Write out the lines of the material below exactly, beginning at the line with "算是不知道怎么回事被导演拉来的吧 出来才注意到是广东省一个非物质文化遗产诶 店铺还挺大的" and stopping after the line with "11月12日(火)授業の様子(1年4組 英語) 公開日", and leave out the pictures.

(DATA begins)

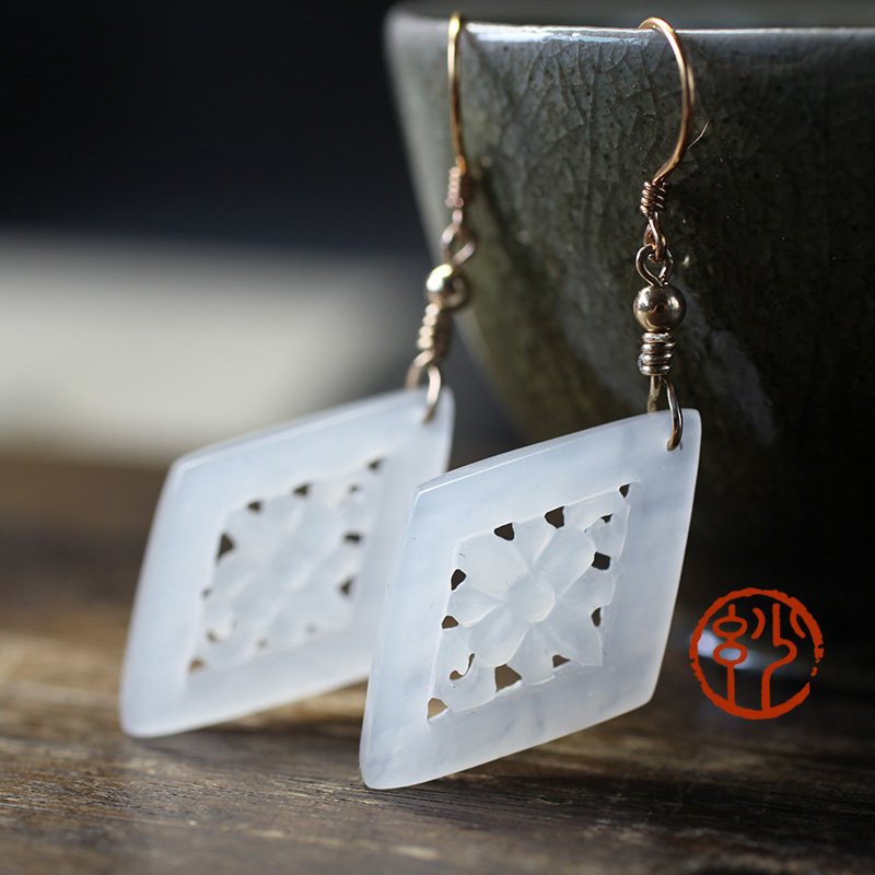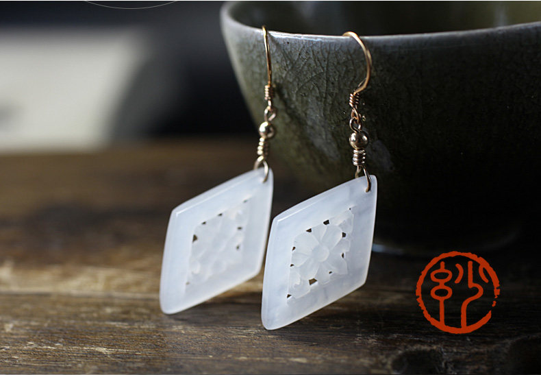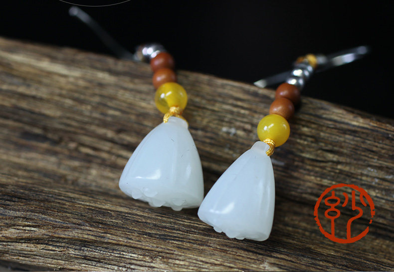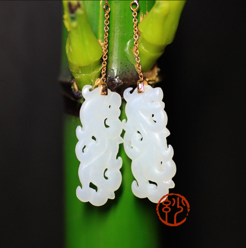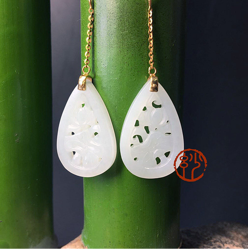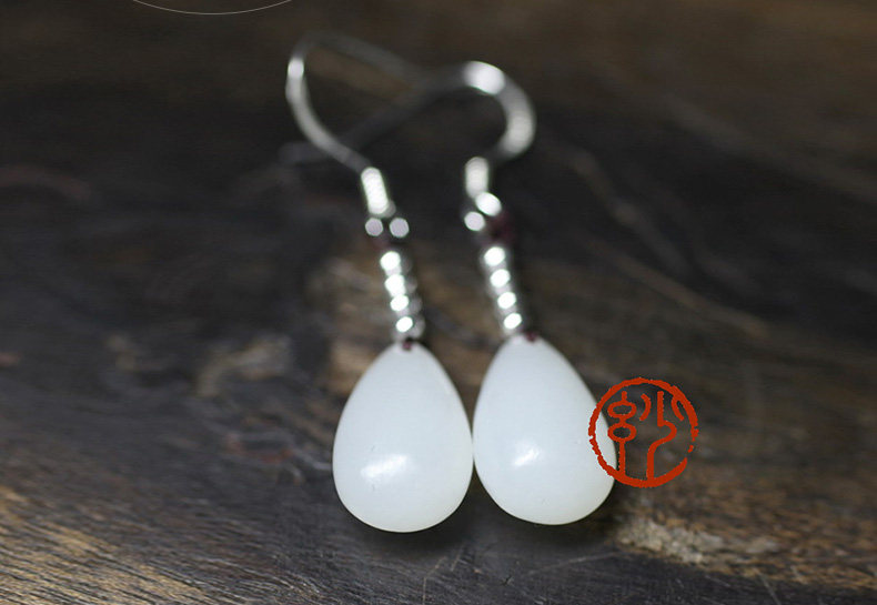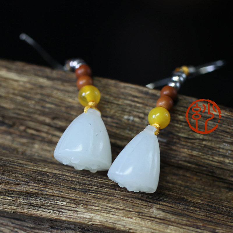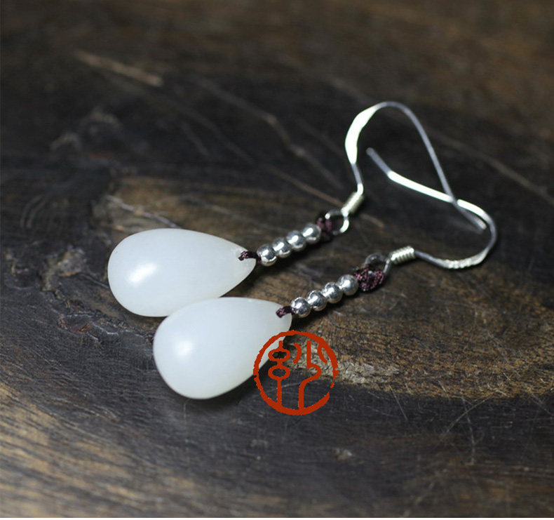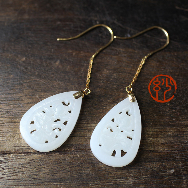 妙舍 Серьги из белого нефрита, китайский стиль
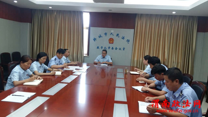 接着,孙向贤书记以“深入贯彻习近平总书记关于‘两学一做’教育的重要指示”为标题继续给大家讲党课。他重点带领大家重温了“两学一做”教育中敢于担当精神的深意。他讲到:目前,我市“五城联创”工作正处于关键时期,适逢天气炎热,使得创卫工作在责任重大的同时,又增添了些许繁重。这时,我院法警大队在党小平队长和焦自强政委的带领下,勇挑重担,承担了我院巍山路的创卫任务。20天以来,法警大队每日安排四名干警全天在巍山路值勤,确保了我院创卫任务的顺利推进!孙向贤指出:法警大队的如此敢于担当精神应该予以充分肯定,是全体党员学习的榜样!
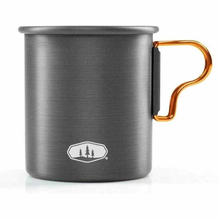GSI Halulite Cup: Lehký kempingový hrneček o objemu 414 ml, se sklápěcím ouškem. Je vyrobený z tvrdě eloxovaného hliníku, který je lehký, vysoce odolný proti oxidaci a mechanickému poškození. Hrnek rozhodně nepatří na otevřený oheň.
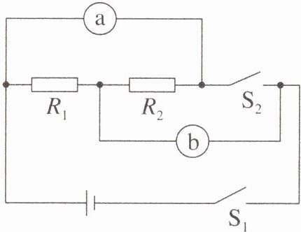 4. (2024天津中考) 如图所示的电路中电源电压不变,a、b为同种电表(电流表或电压表)。闭合$S_1$和$S_2,a、$b两表示数分别为3和1(单位为A或V);将a、b换为另一种电表,闭合$S_1、$断开$S_2,a$表示数为0.4(单位为A或V)。则(
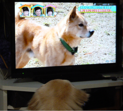 生まれて初めてテレビを見た時は、テレビの裏に回って「あれ、誰もいない・・・」と不思議そうにしてました。
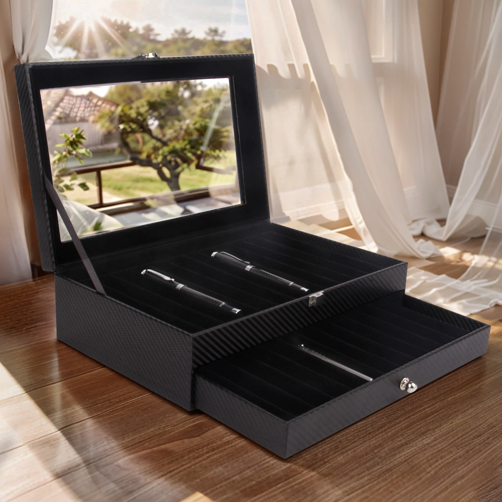 現物皮質ペンケース12 24 36本ペン展示ケース黒色炭素繊維ペンケース収納ケース卸売り
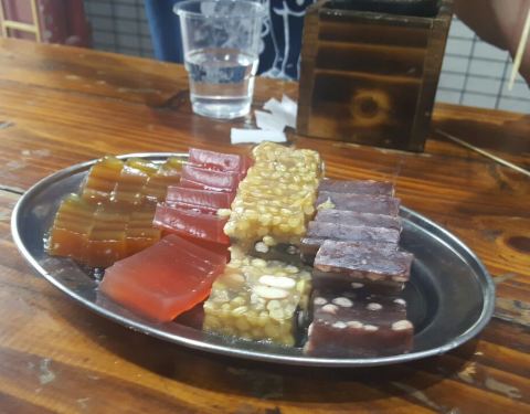 算是不知道怎么回事被导演拉来的吧 出来才注意到是广东省一个非物质文化遗产诶 店铺还挺大的 可以很多人一起坐下来 很有那种文化的气氛 有很多种糕可以卖 大多数是那种需要回去自己蒸的 也没有试吃!!这一点差评...
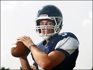 Jared Rettig, 17, senior quarterback from Lake High School, poses near Steinecker Stadium in Perrysburg.
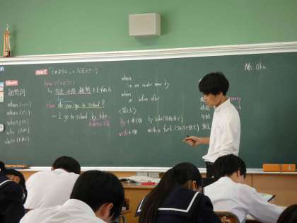 11月12日(火)授業の様子(1年4組 英語) 公開日 2024/11/12 更新日 2024/11/12 今日の西中 'how'を使って、「どのように〜?」と方法や手段、様子を聞く表現について学習しました。 これまで、「何」「いつ」「どこ」などの表現を学んできました。 ここでは、体調や、年齢、数など、’how’と組み合わせていろいろな表現ができることを知りました。
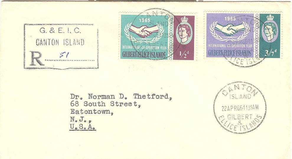 3. Ein R-Brief von Nukulaelae (Ellice-Inseln) nach Großbritannien portogerecht (8c), frankiert in Mischfrankatur, jedoch nach altem Tarif. Zum Zeitpunkt der Abstempelung (Vernon Typ 66 Nukulaelae 14.04.1972) war der Preis eigentlich von 8c schon auf 17c gestiegen. Naja auf den äußeren Inseln war das mit der Tarifänderung wohl noch nicht angekommen. Außerdem findet man noch einen R-Stempel R25 (Nukulaelae) auf dem Brief.
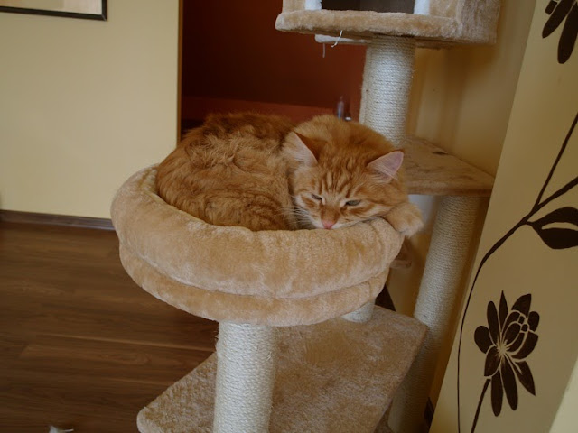 A teraz to o czym zamierzałam napisać. Wczoraj przyszła do nas paczka, a nawet dwie. Nie, nikt nam niespodzianki nie zrobił :), paczka przyszła z Zooplusa. Jedna wagi 29 kg druga prawie 31 kg. Najpierw był problem bo gabaryty ich były ogromne i trzeba było rozebrać samochód na części żeby się zmieściły. Dla jasności, samochód mój bo paczki kurier dostarcza mi do pracy. Potem musiałam te paki wytaszczyć z samochodu do windy i do domu. Niestety sąsiad napatoczył się dopiero jak drugą paczkę wciągałam do mieszkania. Jedna paczka to troszkę jedzenia i sam żwir :). Wiadomo żwiru u mnie idzie. Jeśli zaś chodzi o jedzonko przyszły puszki FineFood już po raz kolejny i mogę je z czystym sumieniem polecić. Koty się zajadają, oprócz Bajki rzecz jasna. "Tadek-niejadek" żyje jedynie na Felixach. Bajka zawsze kiepsko jadła, ale odkąd dostała Felixa to zaczęłą mieć apetyt. Jednak każda próba karmienia jej czymś innym sprawia, że potrafi i dwa dni nie ruszyć mokrego. Tyle o paczce pierwszej. Drugie pudło zawierało za to coś, co miałam nadzieję sprawi radochę moim futrzakom. Otóż w drugiej paczce był ..... drapak!! Nie jakiś tam drapaczek, tylko drapakowy kompleks- domek z piernika. Dopiero w trakcie składania zdałam sobie sprawę, że potrzebuję sporo miejsca aby go ustawić. Sprawdziłam trzy lokalizacje i udało się. Podczas składania towarzyszyła mi Bajka-konsultantka. W trakcie skręcania wyostrzyła pazurki na każdym elemencie, obejrzała każdą śrubkę....najwyraźniej uznała, że akurat ten drapak jest dla niej :) i po złożeniu przeszła do dalszej części inspekcji.
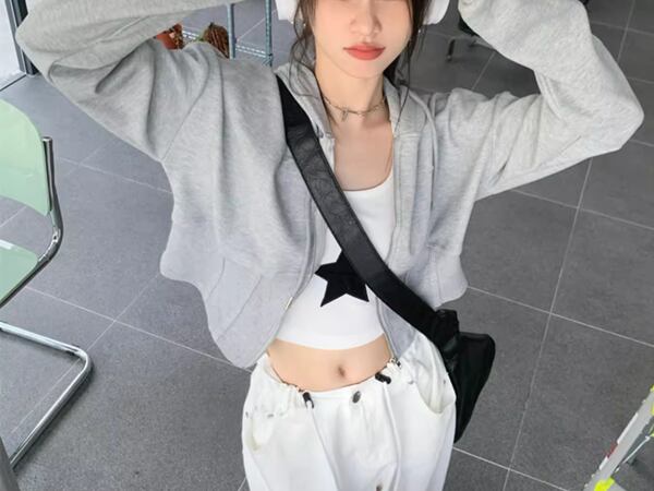 モダンでスポーティなスタイルを演出してくれるアウトフィット。ハイウエストのフード付きスウェット。ショート丈なので、ハイウエストボトムスとの相性がよく、脚長効果もも抜群です。シンプルなデザインながらも、フード付きで一押しのアイテム。ちょっとしたお出かけにも重宝します。スリムなシルエットで、体のラインをきれいに見せてくれる一枚。

(DATA ends)

# ANSWER FOR THIS EXERCISE
 算是不知道怎么回事被导演拉来的吧 出来才注意到是广东省一个非物质文化遗产诶 店铺还挺大的 可以很多人一起坐下来 很有那种文化的气氛 有很多种糕可以卖 大多数是那种需要回去自己蒸的 也没有试吃!!这一点差评...
 Jared Rettig, 17, senior quarterback from Lake High School, poses near Steinecker Stadium in Perrysburg.
 11月12日(火)授業の様子(1年4組 英語) 公開日 2024/11/12 更新日 2024/11/12 今日の西中 'how'を使って、「どのように〜?」と方法や手段、様子を聞く表現について学習しました。 これまで、「何」「いつ」「どこ」などの表現を学んできました。 ここでは、体調や、年齢、数など、’how’と組み合わせていろいろな表現ができることを知りました。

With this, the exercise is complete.